United States District Court, E.D. New York
MEGHAN WURTZ AND MINDY BURNOVSKI, INDIVIDUALLY AND ON BEHALF OF ALL OTHERS SIMILARLY SITUATED, Plaintiffs,
THE RAWLINGS COMPANY, LLC, OXFORD HEALTH PLANS (NY), INC., AND UNITEDHEALTH GROUP, INC., Defendants.
Plaintiffs are represented by Frank R. Schirripa of Hach Rose Schirripa & Cheverie LLP, New York, NY, and by Neil S. Torczyner and Steven J. Harfenist of Harfenist Kraut & Perlstein, LLP, Lake Success, NY.
Defendant Rawlings is represented by Gerald Lawrence, Richard Wolfe Cohen, and Uriel Rabinovitz of Lowey Dannenberg Cohen & Hart, P.C., White Plains, NY.

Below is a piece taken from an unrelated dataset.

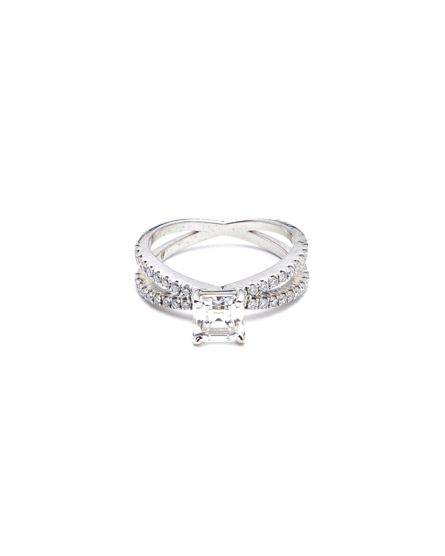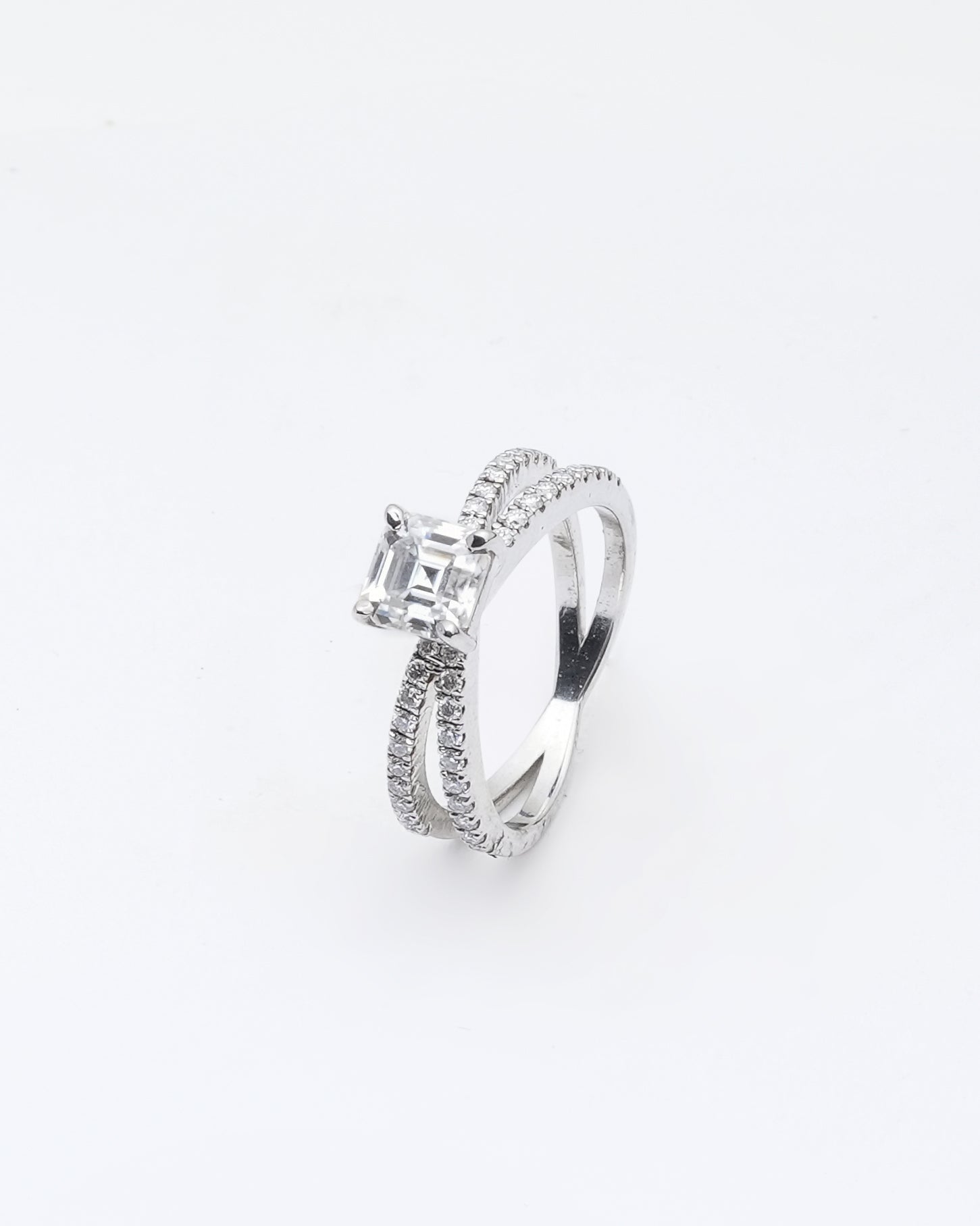 The Ascher Twist Moissanite Ring is a striking fusion of modern elegance and classic design. At its heart lies a brilliant 80-cent Asscher-cut moissanite stone, radiating unparalleled sophistication.
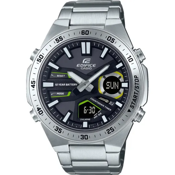 Die Casio® Analogue-digital 'Edifice' Herrenuhr EFV-C110D-1A3VEF ist eine perfekte Fusion aus Funktionalität und Stil. Entworfen für den modernen Mann fängt dieses Zeitstück die Essenz der Sportlichkeit mit seinen robusten Eigenschaften und schlankem Design ein. Die Uhr zeigt ein markantes rundes Gehäuse mit einem Durchmesser von 46 mm und einer Dicke von 13 mm aus langlebigem Edelstahl. Zifferblatt in auffälligem Schwarz, geschützt durch Mineralglas, sorgt für Klarheit, während es sich für verschiedene Anlässe eignet, ob im Büro oder auf einem Abenteuer. Die Uhr bietet eine analoge-digitale Anzeige, eine ideale Kombination für diejenigen, die die traditionellen und modernen Elemente der Zeitmessung schätzen. Sie können bequem Tag und Datum verfolgen und profitieren von zusätzlichen Funktionen wie Stoppuhr, Countdown-Timer, Alarm und Weltzeit, die den Bedürfnissen eines aktiven Lebensstils gerecht werden. Mit leuchtenden Zeigern können Sie sich auf diese Uhr verlassen, die Sie auch bei schwachem Licht informiert. Umrahmt von einer Lünette mit Zahlen strahlt die Edifice Selbstbewusstsein und Raffinesse aus. Das robuste Band aus silbernem Edelstahl misst 21 cm in der Länge und 24 mm in der Breite und wird durch eine Faltschließe mit einem Druckknopf für einen sicheren Sitz ergänzt. Mit einer Wasserdichtheit von bis zu 10 bar ist dieses Zeitstück bereit für alles, was das Leben Ihnen entgegenwirft. Mit einem komfortablen Gewicht von 166 g ist die Edifice nicht nur funktional, sondern auch das perfekte Accessoire für jeden modernen Gentleman. Shop Casio® Analogue-digital 'Edifice' Herrenuhr bei Ormoda

Defendants Oxford Health and United Health are represented by Brian D. Boyle and Theresa S. Gee of O'Melveny & Myers LLP, NW, Washington, DC, and by Charles E. Bachman of O'Melveny & Myers LLP, New York, NY.
MEMORANDUM AND ORDER
JOSEPH F. BIANCO, District Judge.
Plaintiffs Meghan Wurtz ("Wurtz") and Mindy Burnovski ("Burnovski") bring this putative clans action on behalf of themselves and all others similarly situated (collectively, "plaintiffs") against The Rawlings Company, LLC ("Rawlings"), Oxford Health Plans (NY), Inc. ("Oxford Health"), and UnitedHealth Group, Inc. ("UnitedHealth") (collectively, "defendants"). In the main, plaintiffs claim that New York General Obligations Law § 5-335 ("NY GOL § 5-335") vitiates defendants' right of subrogation or reimbursement against individuals who, like plaintiffs, have settled claims for personal injuries, medical, dental, or podiatric malpractice, or wrongful death. Plaintiffs seek the following relief: (1) a declaratory judgment that defendants "do not have a right to assert and/or collect on any lien and/or right of subrogation and/or right of reimbursement under fully insured health insurance plans against other plaintiffs and/or claimants that have settled personal injury, medical, dental, podiatric malpractice, or wrongful death cases or claims arising and/or pending in New York" (Compl. ¶ 41); (2) damages based upon defendants' alleged violations of New York General Business Law § 349 ("NY GBL § 349"); and (3) restitution based upon defendants' allegedly unjust enrichment.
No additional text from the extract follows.